NEW DELHI (AP) -- India's Supreme Court barred Italy's ambassador from leaving the country Thursday and demanded that he explain why his country is refusing to return two Italian marines to stand trial for the killing of two Indian fishermen, a government official said.
The court had allowed the marines to go home in February to vote in national elections and to celebrate Easter with a written promise from Italian Ambassador Daniele Mancini that they would return to stand trial. Italy announced Monday that it would not send them back.
The dispute has damaged relations. Indian Prime Minister Manmohan Singh said there would be consequences if Italy does not back down.
Indian Foreign Minister Salman Kurshid said the matter "will be treated with urgency and it will be treated with determination to ensure that we don't suffer."
Kurshid said the government would wait for the Supreme Court to make a ruling.
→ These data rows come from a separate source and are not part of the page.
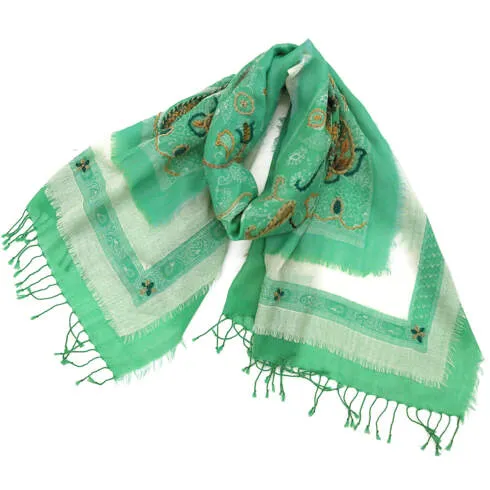 素材感とデザインより春・夏に最適なストールです。もちろんファッションのアクセントとしてなら一年中使うことができます。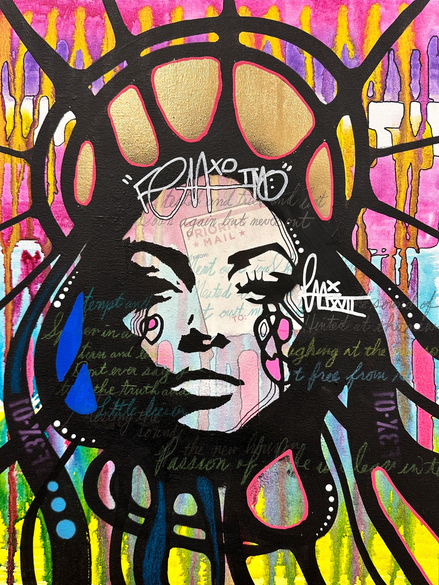 Acrylic, Spray Paint, Oil, Collage on Canvas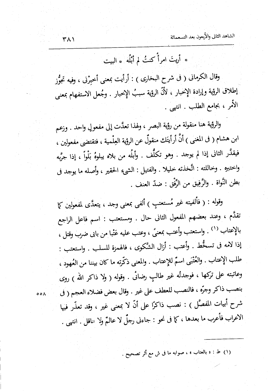 وَقَوله: أريت امْرأ ... إِلَخ سلك أَبُو الْأسود بِهَذَا الْكَلَام طَرِيق التعمية على مُخَاطبَة ليتم مَا يُرِيد وَلَو نسب هَذِه الْعُيُوب إِلَيْهَا مُصَرحًا بهَا لربما دافعوا عَنْهَا. وأريت بِمَعْنى أَخْبرنِي وَأَصله الْهمزَة فِيهِ للاستفهام وريت أَصله رَأَيْت حذف الْهمزَة وَهِي عين الْفِعْل تَخْفِيفًا.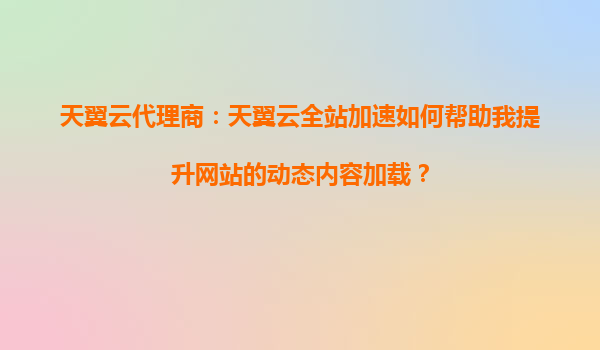 天翼云代理商:天翼云全站加速如何帮助提升网站动态内容加载? 引言 在当今数字化时代,网站的加载速度直接影响用户体验、搜索引擎排名和业务转化率。特别是在动态内容(如个性化推荐、实时数...

The court demanded Thursday that Italy explain why it was reneging on its promise, banned Mancini from leaving India without its permission and insisted he file his response by Monday.
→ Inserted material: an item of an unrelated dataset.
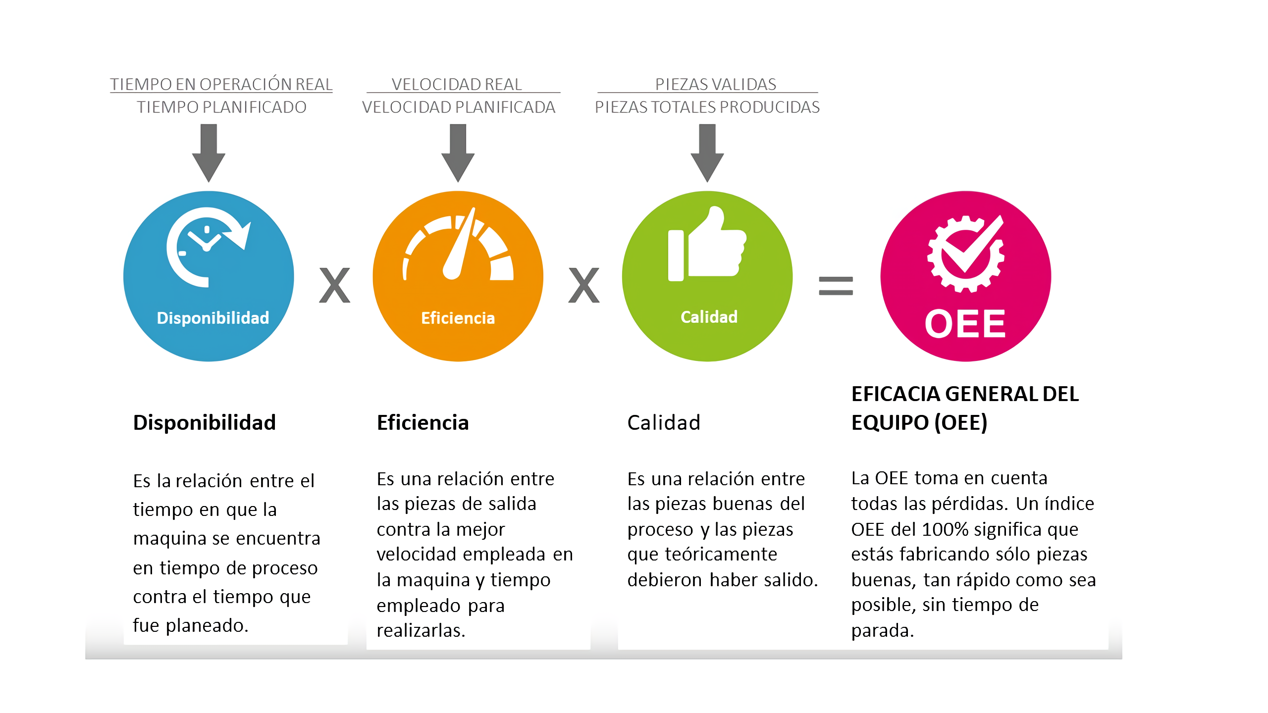 OEE (Eficacia general del equipo) es el estándar para medir la productividad de fabricación. En pocas palabras: identifica el porcentaje de tiempo de fabricación que es realmente productivo. Una puntuación OEE del 100% significa que está fabricando solo piezas buenas, lo más rápido posible, sin tiempo de parada. En el lenguaje de OEE, eso significa 100% de calidad (solo piezas buenas), 100% de rendimiento (lo más rápido posible) y 100% de disponibilidad (sin tiempo de parada).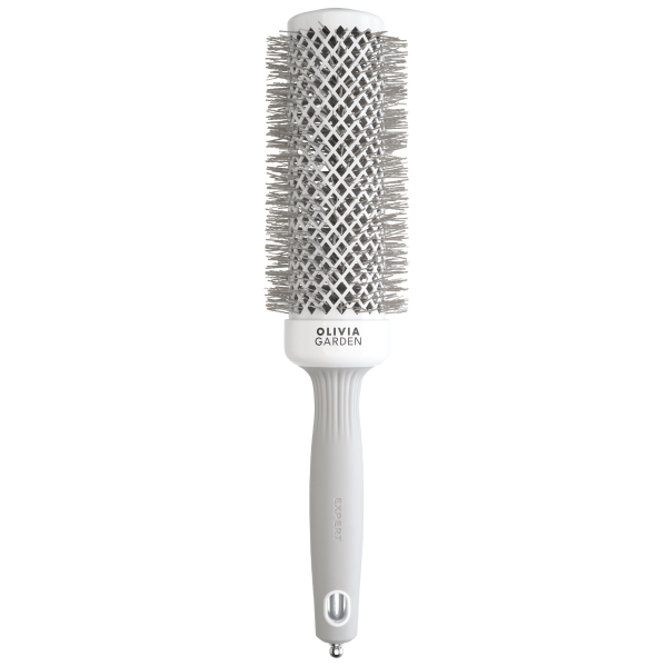 Завдяки високоякісному керамічному покриттю, брашинг Olivia Garden Ceramic рівномірно нагрівається і легко розчісує пасма, а турмалін-іонна технологія надає волоссю більшого блиску. Наскрізні отвори великого розміру добре продуваються і сприяють швидкому висиханню, скорочуючи шкідливий вплив фена і не допускаючи перегріву волосся зберігаючи їх здоровими. Нейлонова щетина, має антистатичні властивості, перешкоджаючи електризації.

Indian External Affairs Ministry spokesman Syed Akbaruddin said India expected Italy to respect the agreement that its ambassador voluntarily submitted to India's top court.
"That's the issue at stake. Everything else takes a secondary importance," Akbaruddin told reporters.
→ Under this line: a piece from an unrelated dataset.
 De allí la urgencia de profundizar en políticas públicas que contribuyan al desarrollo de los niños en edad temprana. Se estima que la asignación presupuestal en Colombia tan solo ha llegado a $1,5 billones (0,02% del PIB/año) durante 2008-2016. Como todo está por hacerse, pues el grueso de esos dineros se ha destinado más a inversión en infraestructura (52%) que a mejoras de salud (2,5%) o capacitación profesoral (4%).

He said India was reviewing its relations with Italy. "We will take further action that is appropriate, taking into account all aspects of our relations," Akbaruddin said.
The marines, Massimilian Latorre and Salvatore Girone, were part of a military security team aboard a cargo ship when they opened fire on a fishing boat in February last year, killing the two fishermen. The marines said they mistook the boat for a pirate craft.
Italy maintains that the shooting occurred in international waters and that Rome should have jurisdiction. India says the ship was in Indian territorial waters.
The Italian Foreign Ministry said in a statement Monday that Italy would not return the marines because India's decision to try the pair there would violate their rights, in particular the principle of immunity for foreign state actors. The ministry said it would be open to international mediation.
Singh told Parliament on Wednesday that Italy's actions "violate every rule of diplomatic discourse" and said they had damaged bilateral relations that were built on trust.
A spokesman for U.N. Secretary-General Ban Ki-moon said Wednesday that he called on both sides to peacefully resolve their issues in accordance with international law. Italian Foreign Minister Giulio Terzi welcomed Ban's statement and said Italy was prepared to reach a solution with India.